* **Work instruction**
Look for the line with "палево-розовый с лилово-розовым" in the data below, then reproduce word for word that line and every line after it. Leave out all pictures and add nothing.

━━━ Data ━━━

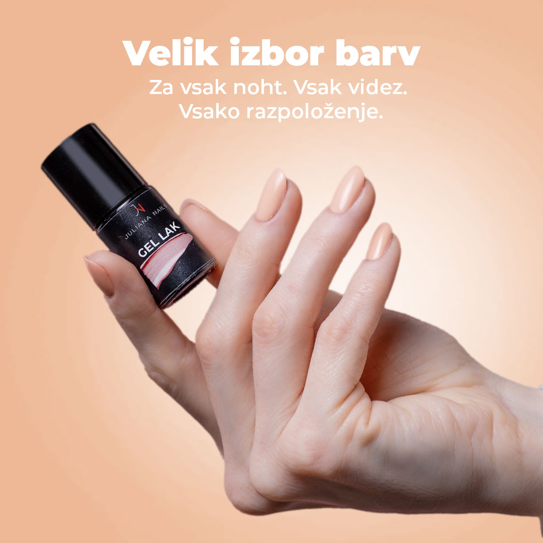 Trudimo se prikazati barve naših gel lakov kar se da natančno. Vendar se lahko barve rahlo razlikujejo od dejanske barve, odvisno od kakovosti zaslona ali prikaza.
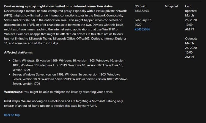 Windows 10ネットワーク接続不具合の修正が前倒しで公開
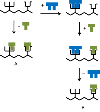 Typische Synthese unter Verwendung einer Schutzgruppe (blau). Die Schutzgruppe ist weder im Edukt (oben links) noch im Zielmolekül B enthalten. Sie wird nur vorübergehend benötigt, um ein anderes reaktives Zentrum im Molekül während der Umsetzung mit einem Reagenz (grün) zu schützen. Bei Abwesenheit der Schutzgruppe wird das Ausgangsmolekül an beiden reaktiven Zentren angegriffen und das unerwünschte Produkt A erhalten.
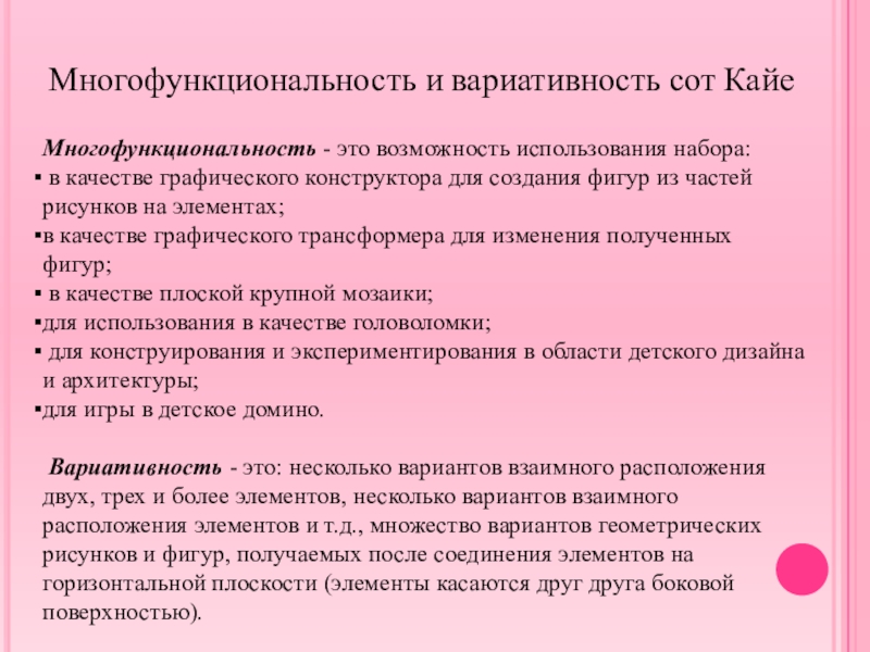 Многофункциональность и вариативность сот Кайе
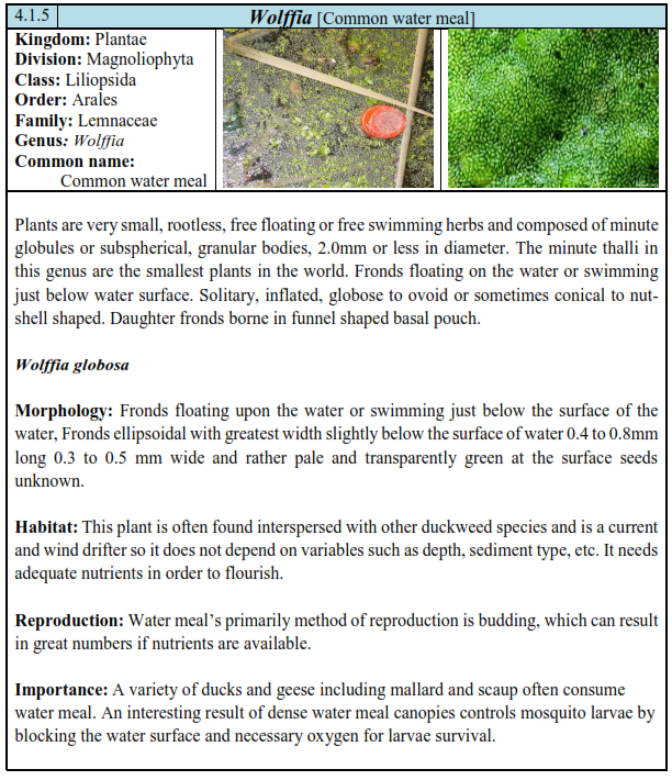 Aquatic macrophytes are the vascular plants that are normally found growing in wetlands, either in or on the water, or where soils are flooded or saturated long enough for anaerobic conditions to develop in the root zone (Cowardin et.al 1979). The aquatic macrophytes occur mainly in the shallow region of lakes ponds, pools, marshes streams and rivers etc. Macrophytes are of considerable ecological and economic importance as they help in the uptake of nutrients and hence help in maintaining the chemical integrity of the respective ecosystem. They contribute significantly to the productivity of water bodies; mobilize mineral elements from the bottom sediments and provide shelter to aquatic macro invertebrates and fishes. They also respond to changes in water quality and have been used as indicators of pollution and are known as ‘bio-indicators’. When there is enough room for colonization and abundant availability of nutrients, macrophytes show a high growth rate. They assimilate nutrients directly into their tissues. Due to these they were used to solve eutrophic problems of freshwater bodies and to remove pollutants. Aquatic macrophytes belong to the following 3 categories on the basis of their habit:
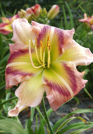 палево-розовый с лилово-розовым кольцом и желтым горлом, высота-55 cм, диаметр цветка 15 cм, цветение июль-август, более 400 цветков за сезон у трехлетнего растенияХарактеристики
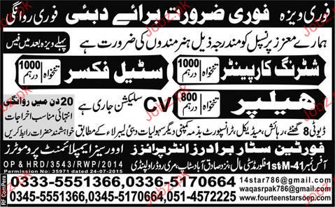 Steel Fixers, Shuttering Carpenters Job Opportunity

━━━

* **Response box**
 палево-розовый с лилово-розовым кольцом и желтым горлом, высота-55 cм, диаметр цветка 15 cм, цветение июль-август, более 400 цветков за сезон у трехлетнего растенияХарактеристики
 Steel Fixers, Shuttering Carpenters Job Opportunity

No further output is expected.